Directions: The Capital of Kansas Historical Marker [ Waypoint = N39 00.700 W95 41.276 ] is located near the intersection of 37th Street and Topeka Boulevard, on the right when traveling west on 37th Street in Topeka, Kansas 66611.
Description: The Capital of Kansas Historical Marker's text reads as follows:
"Topeka was founded in 1854 at the site of Papan's Ferry where a branch of the Oregon Trail crossed the Kansas river as early as 1842. Anti-slavery leaders framed the Topeka Constitution, 1855, in the first attempt to organize a state government. The next year their legislature was dispersed by U.S. dragoons under orders from President Franklin Pierce. (So Pierce was omitted when Topeka named streets after the Presidents.) In the late 1850's negroes bound north on the "underground railway" were hidden here by John Brown. Topeka became capital in 1861 when Kansas was admitted to the Union and the slavery conflict flamed into Rebellion.

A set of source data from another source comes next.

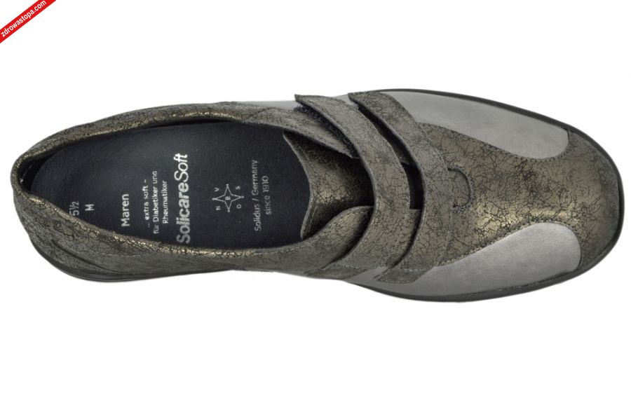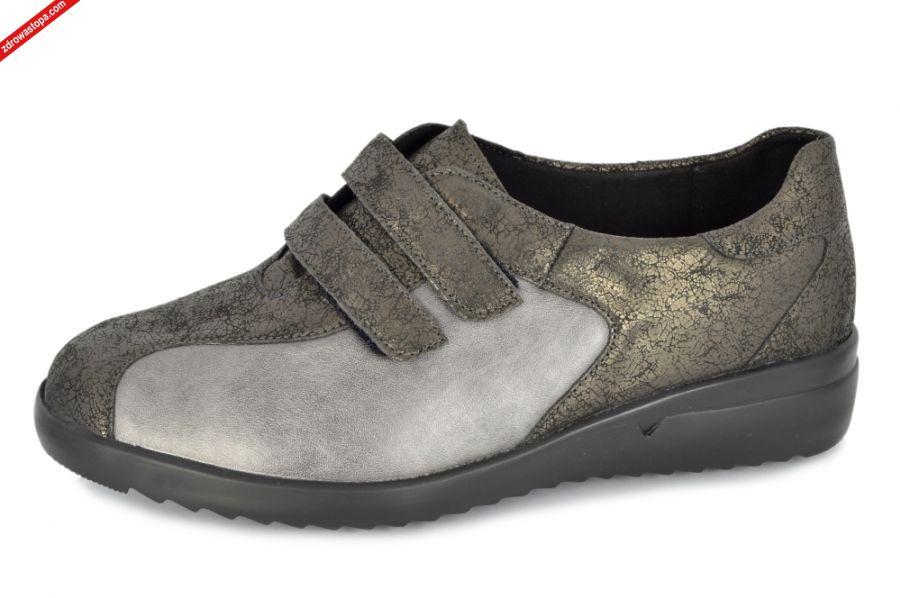 Dodatkowe informacje: Obuwie zapinane na dwie rzepy pozwala na dobre dopasowanie do stopy, po bokach wstawki z elastycznego materiału typu strech który dopasowuje się i nie uciska wrażliwych miejsc na stopach. Wyjmowana wkładka skórzana pozwala na zastąpienie jej swoją np:ortopedyczną. Lekkie, elastyczne i antypoślizgowe spody.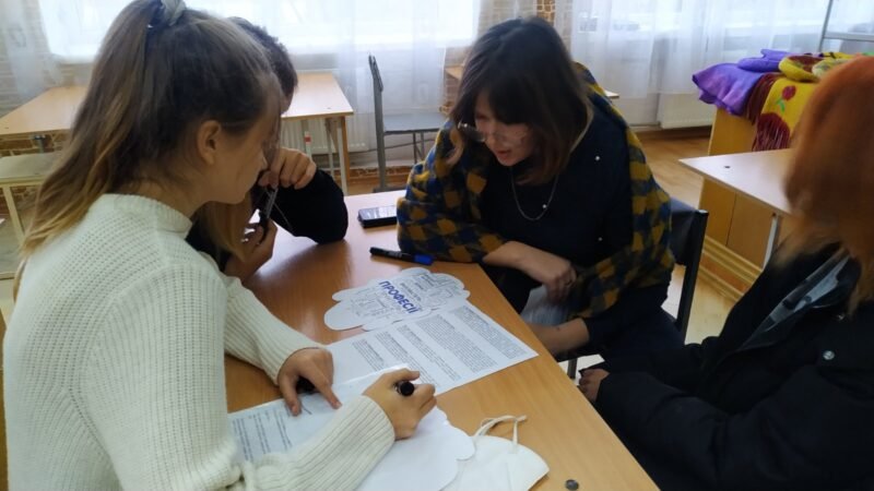 На уроці учні дізналися про різноманітні професії різних сфер діяльності. Розібратися учням допомогли не лише вчителі, але й цікаві завдання. Кожна група отримала аркуш з інформацією і за вказівкою педагогів складали хмаринки слів за різними темами, пов’язаними з професійями.
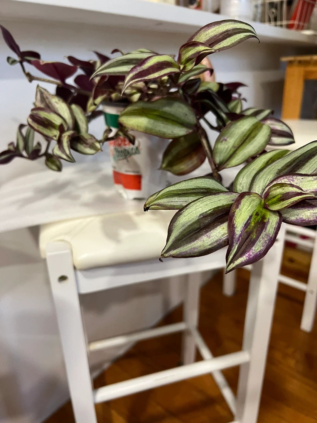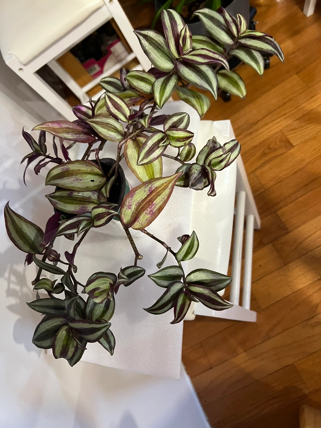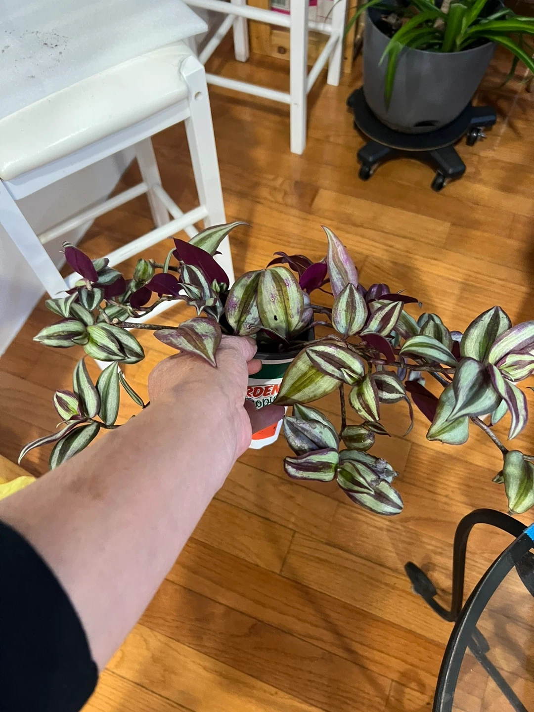130I'm selling a Wandering Jew plant in a Garden Tropics container. The plant has beautiful striped leaves with shades of green, silver, and purple. It's a vibrant and easy-to-care-for houseplant that will add a touch of color to any room.pick up in bay ridge 11220 and please check my other listing.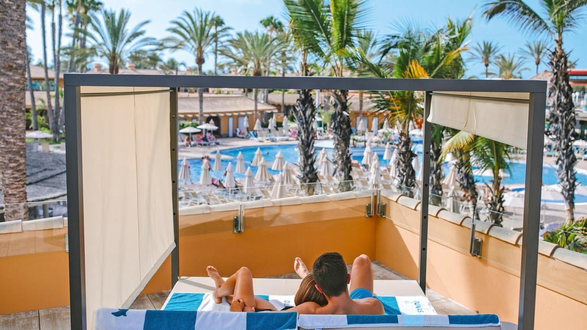 Maspalomas nyilvános, homokos strandja 2km-re található a hoteltől. A kék zászlós strand enyhe lejtőn keresztül érhető el, melyet a vendégek megközelíthetnek egyénileg, illetve napi 4 alkalommal a hotel transzferjával ingyenesen. Napernyők és napozóágyak bérelhetőek.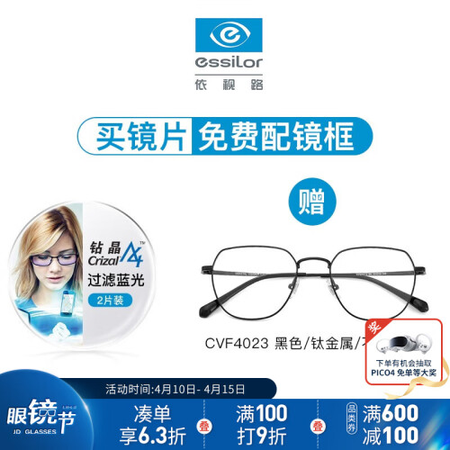 当前的位置: 首页 > 今日值得买 > 依视路 钻晶A4依视美1.67非球面智能防蓝光镜片过滤有害蓝光网上配镜 钛+金属-全框-4023BK-黑色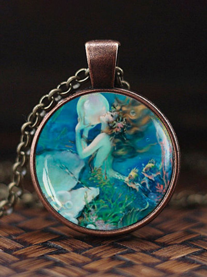Prilagodljiva Ogrlica S Planinskom Morskom Ribom Za Muškarce I Žene S Privjeskom Od Tiskanog Stakla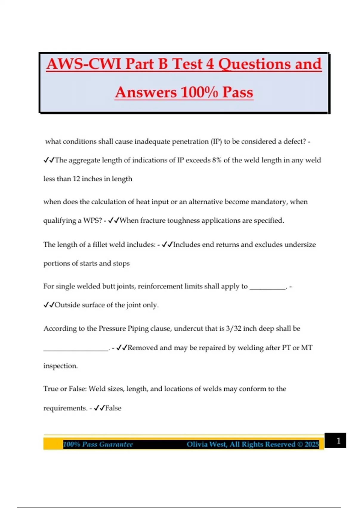 100% Pass Guarantee Olivia West, All Rights Reserved © 2025 1

After the war, in 1868, the Santa Fe railroad, promoted by C.K. Holliday, a city founder, first started building from Topeka. This was the birthplace, in 1860, of Vice President Charles Curtis; part Kaw Indian, the only "native American" to reach so high an office. (Marker Number 15.)"
In response to the March elections that elected The Bogus Legislature, free-state leaders held the Topeka Constitutional Convention in October of 1855. The resulting constitution was approved by free-state voters on December 15, 1855. This constitution called for elections which free-state leaders held on January 15, 1856. The free-state legislature met in Topeka on March 4, 1856. This was the election in which Charles Robinson was elected as territorial governor. The President of the United States, Franklin Pierce, called the Free State Legislature unlawful and called for the arrest of its leaders. The President ended up sending Federal troops to For Leavenworth in the Kansas Territory.
When the elected members of the free-state government took their oaths of office in Topeka in March, Douglas County Sheriff Samuel J. Jones recorded their names. Everyone expected Jones to arrest them for treason. This would happen later during and immediately following the Sack of Lawrence.
The Topeka government persevered and sent James H. Lane to Washington with a petition to the US Congress asking for the admission of Kansas into the Union as a free state. There were many irregularities in the documents, and the debate in congress was heated. Illinois Senator Stephen Douglas attacked the petition as fraudulent. Senator William Seward argued in support of admitting Kansas as a free state. The debate was so virulent that James Lane went so far to challenge Senator Douglas to a duel. Douglas refused to accept the challenge.